Go to the line with "En kista från vikingatiden." in the records below, then output it and each following line exactly, up to and including the line with "本日の焼魚と阿波尾鶏と板野野菜の揚げたじ定食 980円". Skip pictures and add nothing.

[Records drawn from a dataset]
★ ★ ★

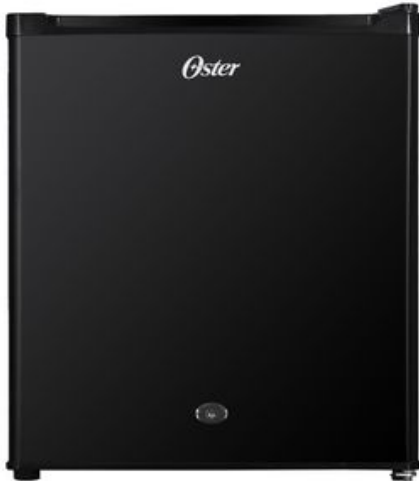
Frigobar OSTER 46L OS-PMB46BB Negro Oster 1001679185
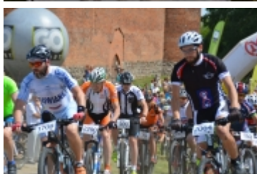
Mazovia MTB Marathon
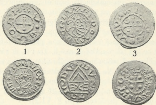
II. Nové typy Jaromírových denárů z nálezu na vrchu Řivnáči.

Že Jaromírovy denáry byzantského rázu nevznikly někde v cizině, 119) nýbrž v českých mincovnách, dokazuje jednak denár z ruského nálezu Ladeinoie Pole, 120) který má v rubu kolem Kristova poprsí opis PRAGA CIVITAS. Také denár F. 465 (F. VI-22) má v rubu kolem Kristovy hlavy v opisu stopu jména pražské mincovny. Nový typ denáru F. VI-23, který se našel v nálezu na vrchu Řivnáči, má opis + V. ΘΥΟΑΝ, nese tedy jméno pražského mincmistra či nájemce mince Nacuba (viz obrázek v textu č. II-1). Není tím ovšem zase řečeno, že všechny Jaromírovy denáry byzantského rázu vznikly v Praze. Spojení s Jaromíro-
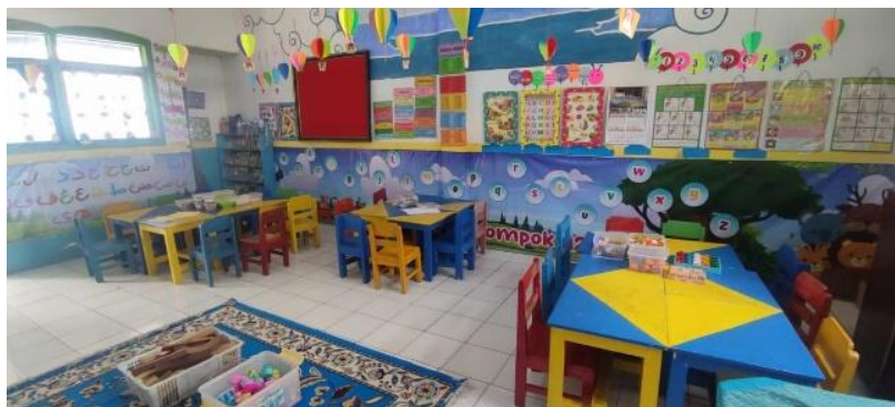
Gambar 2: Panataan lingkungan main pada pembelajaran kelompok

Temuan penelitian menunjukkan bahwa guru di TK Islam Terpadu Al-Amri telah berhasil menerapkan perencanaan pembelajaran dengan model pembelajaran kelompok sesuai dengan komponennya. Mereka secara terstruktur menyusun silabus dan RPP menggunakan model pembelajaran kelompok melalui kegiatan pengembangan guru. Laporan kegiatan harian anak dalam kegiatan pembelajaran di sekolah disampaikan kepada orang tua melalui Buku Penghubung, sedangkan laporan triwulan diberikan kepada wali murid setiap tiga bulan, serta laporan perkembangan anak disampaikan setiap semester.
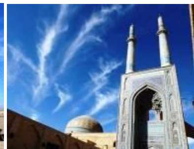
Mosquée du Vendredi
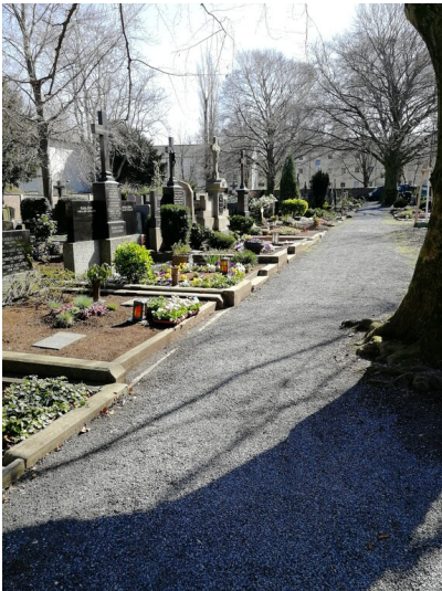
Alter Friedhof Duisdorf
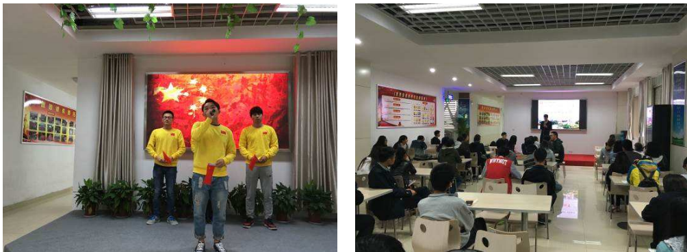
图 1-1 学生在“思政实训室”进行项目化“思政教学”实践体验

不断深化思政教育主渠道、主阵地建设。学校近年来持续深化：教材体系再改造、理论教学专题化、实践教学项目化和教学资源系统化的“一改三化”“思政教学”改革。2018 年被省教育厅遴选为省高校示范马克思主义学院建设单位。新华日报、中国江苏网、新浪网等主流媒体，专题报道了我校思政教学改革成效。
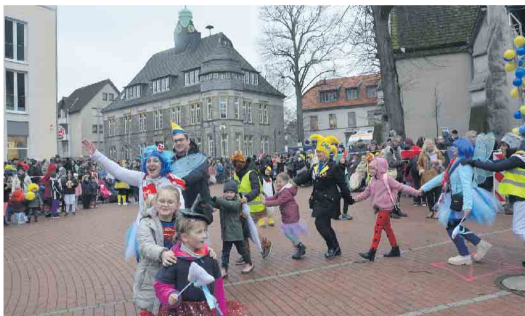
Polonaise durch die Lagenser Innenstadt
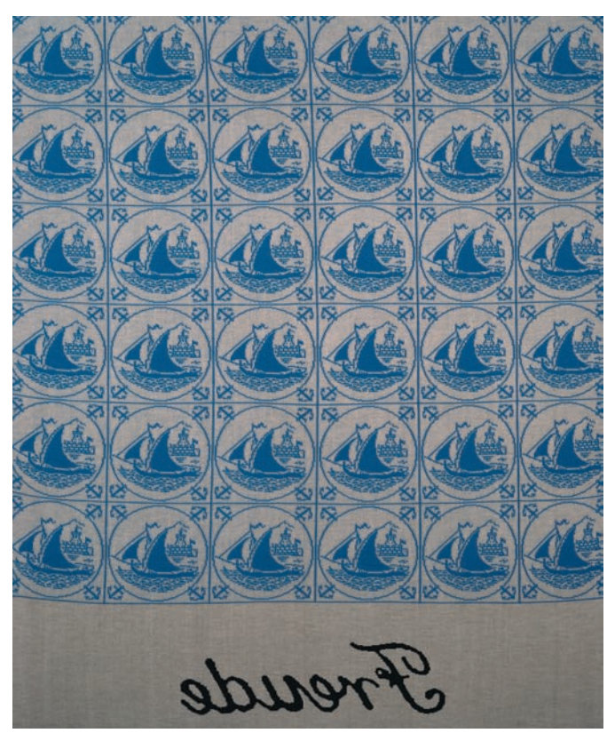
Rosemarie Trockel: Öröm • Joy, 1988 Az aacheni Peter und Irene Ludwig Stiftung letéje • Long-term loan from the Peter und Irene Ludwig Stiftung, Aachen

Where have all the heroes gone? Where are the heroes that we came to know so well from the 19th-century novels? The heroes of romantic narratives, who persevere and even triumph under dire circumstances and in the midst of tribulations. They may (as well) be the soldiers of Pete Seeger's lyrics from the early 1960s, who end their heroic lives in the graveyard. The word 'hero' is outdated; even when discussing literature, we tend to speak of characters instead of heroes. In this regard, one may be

★ ★ ★

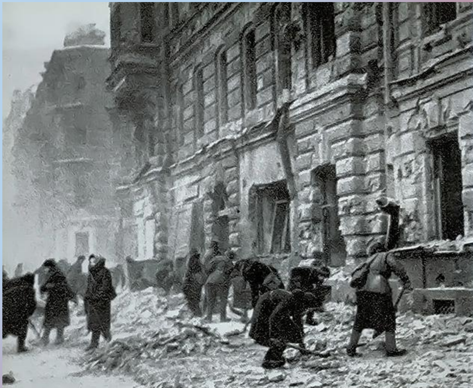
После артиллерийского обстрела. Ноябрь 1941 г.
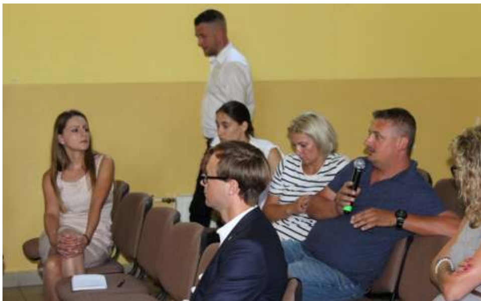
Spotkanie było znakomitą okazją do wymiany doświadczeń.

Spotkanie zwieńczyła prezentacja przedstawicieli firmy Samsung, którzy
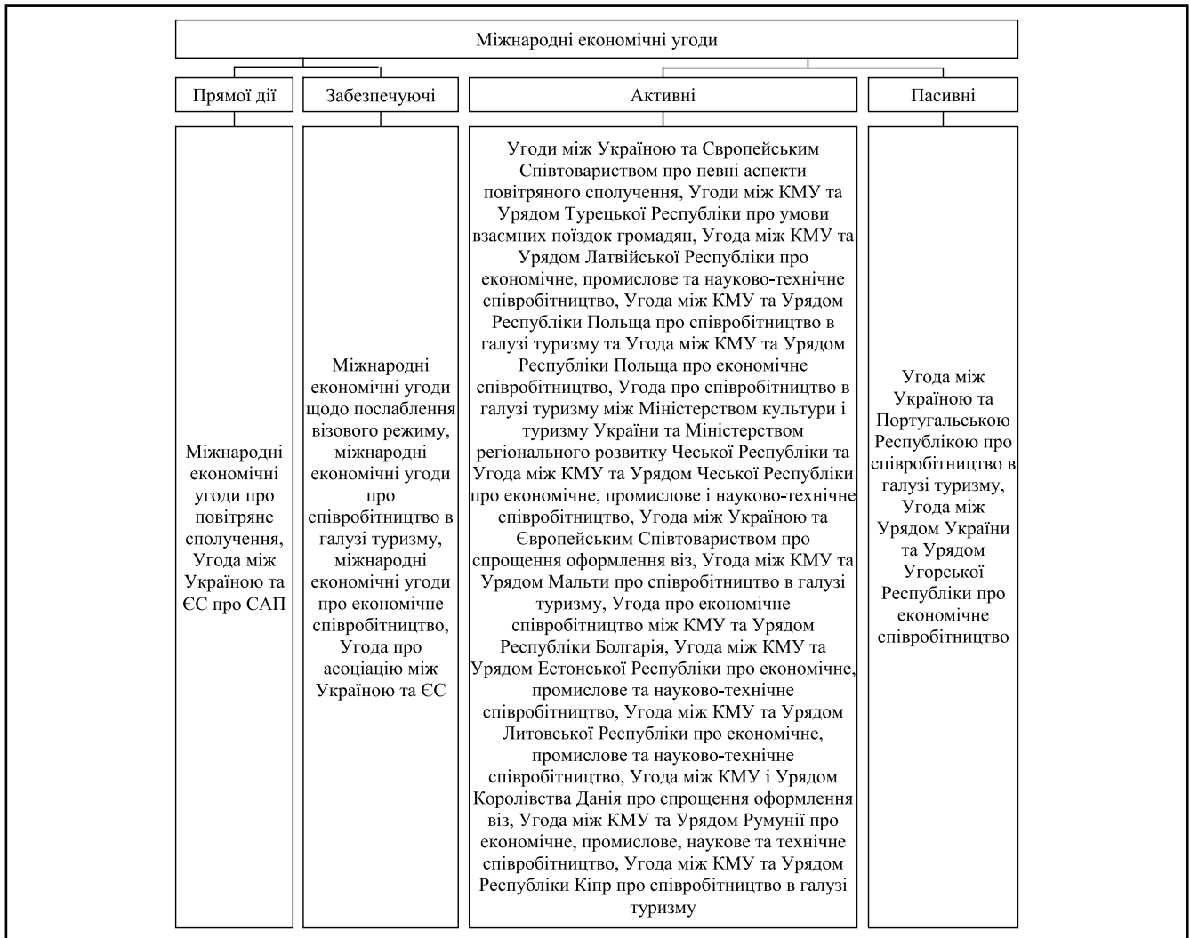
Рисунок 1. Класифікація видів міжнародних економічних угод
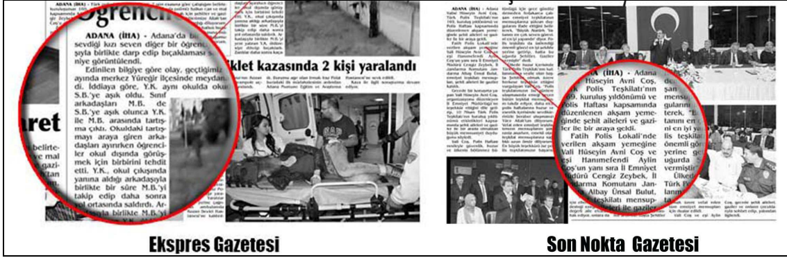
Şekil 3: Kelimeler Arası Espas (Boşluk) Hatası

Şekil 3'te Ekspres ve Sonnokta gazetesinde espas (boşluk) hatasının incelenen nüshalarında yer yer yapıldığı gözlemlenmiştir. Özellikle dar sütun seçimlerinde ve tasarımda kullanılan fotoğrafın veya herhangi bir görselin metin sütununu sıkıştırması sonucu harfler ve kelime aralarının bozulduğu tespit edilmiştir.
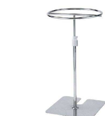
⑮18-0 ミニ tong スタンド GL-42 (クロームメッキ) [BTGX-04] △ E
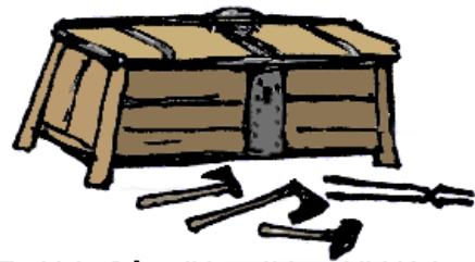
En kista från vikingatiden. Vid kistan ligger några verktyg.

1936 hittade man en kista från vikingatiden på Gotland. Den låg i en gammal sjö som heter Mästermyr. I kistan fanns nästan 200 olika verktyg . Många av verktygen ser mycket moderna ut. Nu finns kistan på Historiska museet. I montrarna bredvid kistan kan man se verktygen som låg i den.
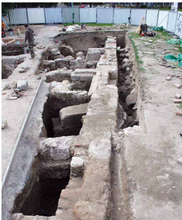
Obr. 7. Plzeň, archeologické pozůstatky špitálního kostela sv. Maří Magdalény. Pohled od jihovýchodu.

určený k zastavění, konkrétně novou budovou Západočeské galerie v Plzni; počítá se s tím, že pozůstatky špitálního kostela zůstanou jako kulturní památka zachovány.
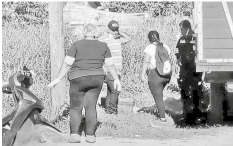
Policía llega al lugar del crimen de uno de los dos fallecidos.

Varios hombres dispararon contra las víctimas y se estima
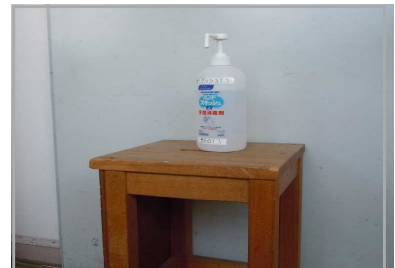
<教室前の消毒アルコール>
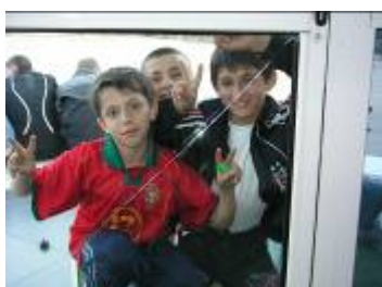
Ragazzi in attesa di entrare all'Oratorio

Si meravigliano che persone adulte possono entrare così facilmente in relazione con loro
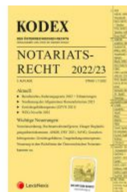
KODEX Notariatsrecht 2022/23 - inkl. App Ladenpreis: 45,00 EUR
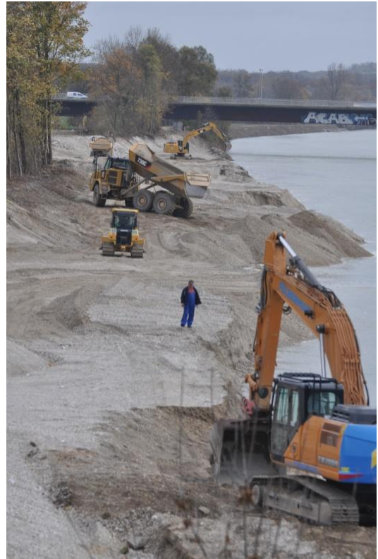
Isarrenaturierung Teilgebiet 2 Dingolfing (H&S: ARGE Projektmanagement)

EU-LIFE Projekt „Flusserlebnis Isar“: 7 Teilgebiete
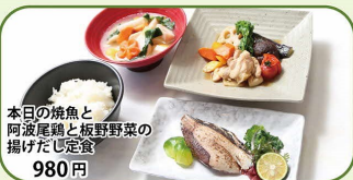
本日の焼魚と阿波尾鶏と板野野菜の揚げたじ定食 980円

★ ★ ★

ANSWER SECTION —
En kista från vikingatiden. Vid kistan ligger några verktyg.

1936 hittade man en kista från vikingatiden på Gotland. Den låg i en gammal sjö som heter Mästermyr. I kistan fanns nästan 200 olika verktyg . Många av verktygen ser mycket moderna ut. Nu finns kistan på Historiska museet. I montrarna bredvid kistan kan man se verktygen som låg i den.
Obr. 7. Plzeň, archeologické pozůstatky špitálního kostela sv. Maří Magdalény. Pohled od jihovýchodu.

určený k zastavění, konkrétně novou budovou Západočeské galerie v Plzni; počítá se s tím, že pozůstatky špitálního kostela zůstanou jako kulturní památka zachovány.
Policía llega al lugar del crimen de uno de los dos fallecidos.

Varios hombres dispararon contra las víctimas y se estima
<教室前の消毒アルコール>
Ragazzi in attesa di entrare all'Oratorio

Si meravigliano che persone adulte possono entrare così facilmente in relazione con loro
KODEX Notariatsrecht 2022/23 - inkl. App Ladenpreis: 45,00 EUR
Isarrenaturierung Teilgebiet 2 Dingolfing (H&S: ARGE Projektmanagement)

EU-LIFE Projekt „Flusserlebnis Isar“: 7 Teilgebiete
本日の焼魚と阿波尾鶏と板野野菜の揚げたじ定食 980円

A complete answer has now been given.